→ **TASK DIRECTIONS**: Please give the whole listing again exactly, without any of its pictures.

→ **SUPPLIED DATA**:
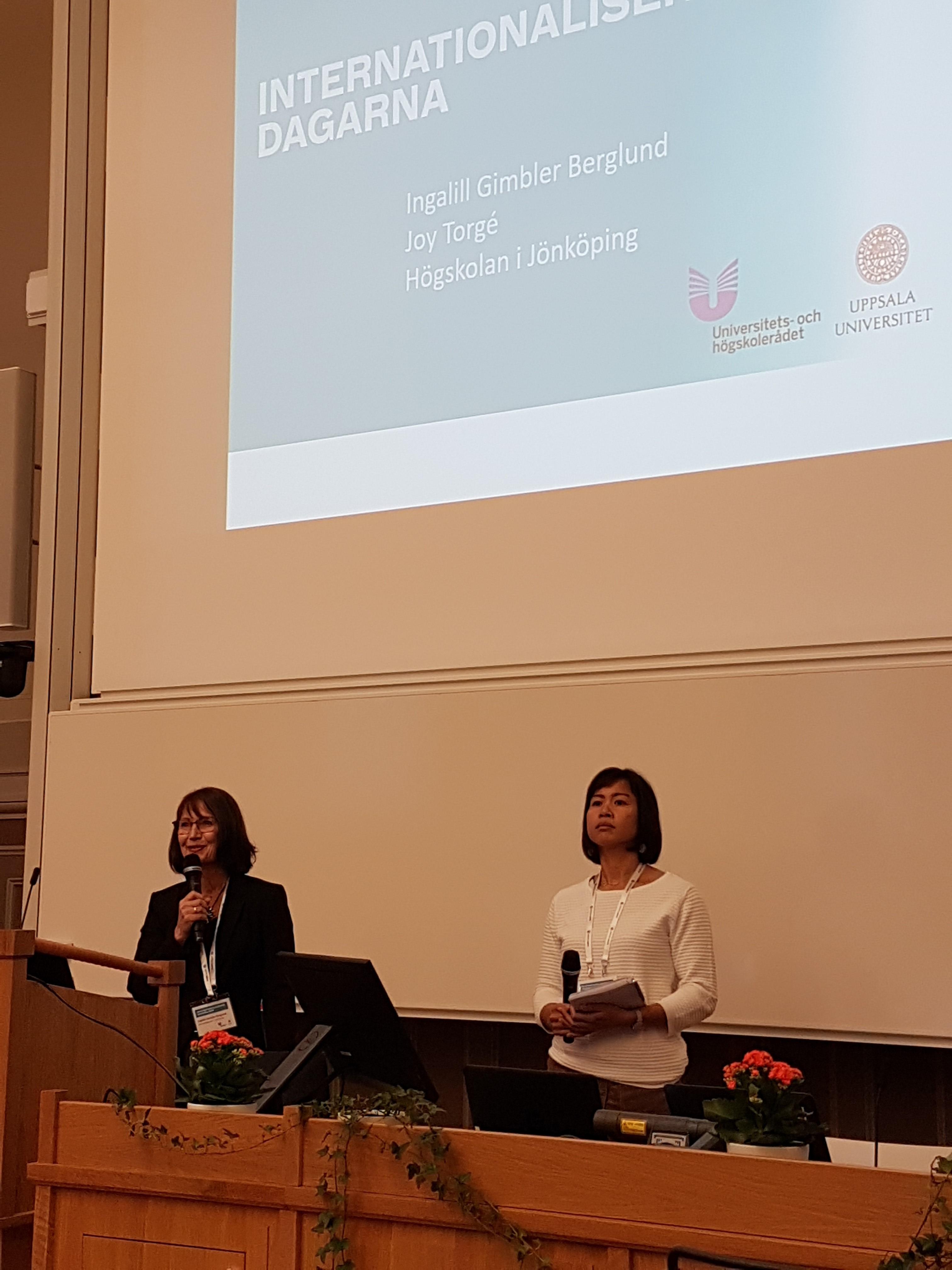 Vid Internationaliseringsdagarna i Uppsala representerades Hälsohögskolan av Ingalill Gimbler-Berglund, lärare och ordförande för Hälsohögskolans internationella råd på HHJ, och Joy Torgé, filosofie doktor i Äldre och åldrande på HHJ. Årets tema ”från strategisk agenda till handling” är kopplat till Agneta Bladhs Strategisk agenda för internationalisering, delbetänkande av Utredningen om ökad internationalisering av universitet och högskolor.
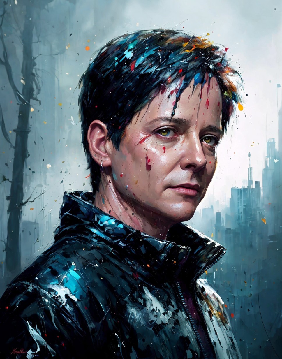 Prompt: "Michael J. Fox ; [151515:Speedpaint with mixed brush strokes size by Junji Ito; robert oxley! Ismail Inceoglu; Gazelli; M.W. Kaluta; richard anderson; paint splatter; paint drips; drip painting; a masterpiece; 8k resolution; trending on artstation; maximalist; uncanny; Holi]"
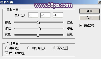 3、创建色彩平衡调整图层,对阴影,高光进行调整,参数及效果如下图。这一步主要加强高光亮度。
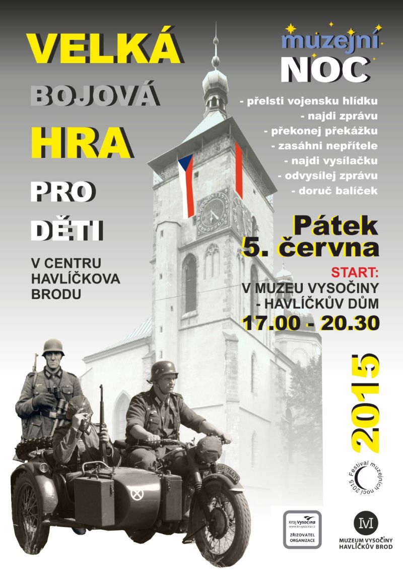 Muzeum si letos připomíná 70. výročí konce druhé světové války, které připomíná nejen aktuální výstava 2. světová válka na Havlíčkobrodsku, ale na toto téma bude zaměřen i historický a fotografický kvíz a Velká bojová hra pro děti i dospělé. Děti obdrží historickou legitimaci, mapu centra města a budou plnit nejrůznější úkoly. Cílem bude doručit zprávu balíček s náboji odbojářům, přitom se vyhnout se německým ozbrojeným hlídkám, pomocí minohledačky najít zprávu v minovém poli, překonat terénní překážky či odvysílat zprávu vysílačkou. Ve večerních hodinách bude promítání velmi zajímavého filmu o partyzánské skupině Mistr Jan Hus, na motivy knihy Partyzánská odysea a osud Věry Pilařové a beseda s pamětníky. Začátek je od 17.00.
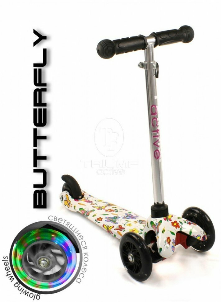 TRIUMF ACTIVE детский самокат Mini Up Flash Print SKL-06AHP Butterfly
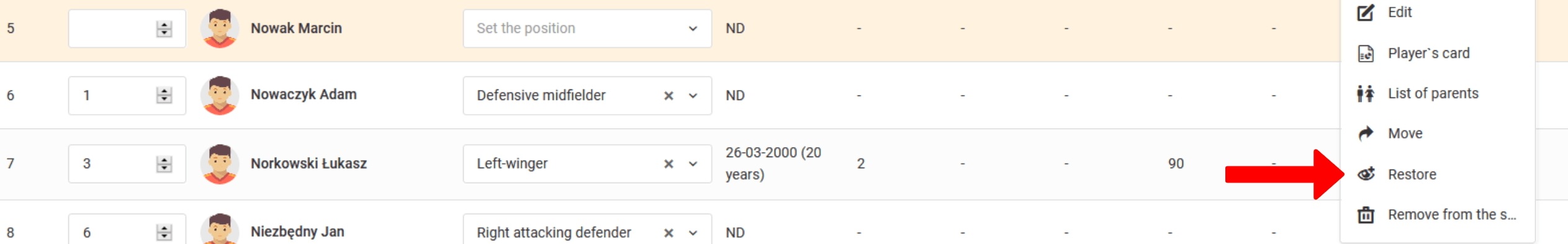 Функция скрытия используется, чтобы скрыть игрока в таких списках, как отряд, список посещаемости, отряд матча и т. Д. Скрытый игрок не исчезнет, ​​например, из списка вкладов, поскольку выплаченные им суммы формируют общий финансовый баланс команды. Естественно скрытый игрок специально отмечен в списке вкладов. Если мы имеем дело со случаем, что игрок перешел в другую команду (старший год) и теперь будет платить свои взносы в старшем году, он должен быть освобожден от младшей команды. Вы можете узнать, как это сделать, в главе о взносах. Помните, что вы можете восстановить скрытого игрока в любое время. Для этого установите флажок «показать скрытый» и нажмите «восстановить» в меню выбранного игрока.
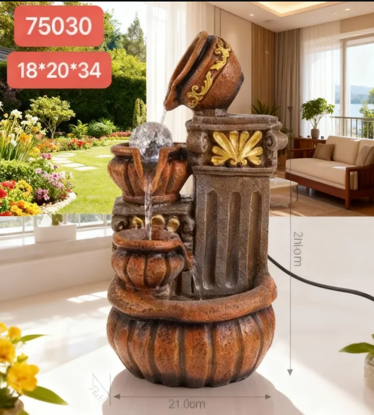 精美的工艺设计不仅增添优雅气息,还伴随流水轻响营造舒缓氛围。无论置于室内或室外,这款喷泉都能成为空间的视觉焦点,提升环境美感。

→ **SOLUTION TO THE PROBLEM**:
 Vid Internationaliseringsdagarna i Uppsala representerades Hälsohögskolan av Ingalill Gimbler-Berglund, lärare och ordförande för Hälsohögskolans internationella råd på HHJ, och Joy Torgé, filosofie doktor i Äldre och åldrande på HHJ. Årets tema ”från strategisk agenda till handling” är kopplat till Agneta Bladhs Strategisk agenda för internationalisering, delbetänkande av Utredningen om ökad internationalisering av universitet och högskolor.
 Prompt: "Michael J. Fox ; [151515:Speedpaint with mixed brush strokes size by Junji Ito; robert oxley! Ismail Inceoglu; Gazelli; M.W. Kaluta; richard anderson; paint splatter; paint drips; drip painting; a masterpiece; 8k resolution; trending on artstation; maximalist; uncanny; Holi]"
 3、创建色彩平衡调整图层,对阴影,高光进行调整,参数及效果如下图。这一步主要加强高光亮度。
 Muzeum si letos připomíná 70. výročí konce druhé světové války, které připomíná nejen aktuální výstava 2. světová válka na Havlíčkobrodsku, ale na toto téma bude zaměřen i historický a fotografický kvíz a Velká bojová hra pro děti i dospělé. Děti obdrží historickou legitimaci, mapu centra města a budou plnit nejrůznější úkoly. Cílem bude doručit zprávu balíček s náboji odbojářům, přitom se vyhnout se německým ozbrojeným hlídkám, pomocí minohledačky najít zprávu v minovém poli, překonat terénní překážky či odvysílat zprávu vysílačkou. Ve večerních hodinách bude promítání velmi zajímavého filmu o partyzánské skupině Mistr Jan Hus, na motivy knihy Partyzánská odysea a osud Věry Pilařové a beseda s pamětníky. Začátek je od 17.00.
 TRIUMF ACTIVE детский самокат Mini Up Flash Print SKL-06AHP Butterfly
 Функция скрытия используется, чтобы скрыть игрока в таких списках, как отряд, список посещаемости, отряд матча и т. Д. Скрытый игрок не исчезнет, ​​например, из списка вкладов, поскольку выплаченные им суммы формируют общий финансовый баланс команды. Естественно скрытый игрок специально отмечен в списке вкладов. Если мы имеем дело со случаем, что игрок перешел в другую команду (старший год) и теперь будет платить свои взносы в старшем году, он должен быть освобожден от младшей команды. Вы можете узнать, как это сделать, в главе о взносах. Помните, что вы можете восстановить скрытого игрока в любое время. Для этого установите флажок «показать скрытый» и нажмите «восстановить» в меню выбранного игрока.
 精美的工艺设计不仅增添优雅气息,还伴随流水轻响营造舒缓氛围。无论置于室内或室外,这款喷泉都能成为空间的视觉焦点,提升环境美感。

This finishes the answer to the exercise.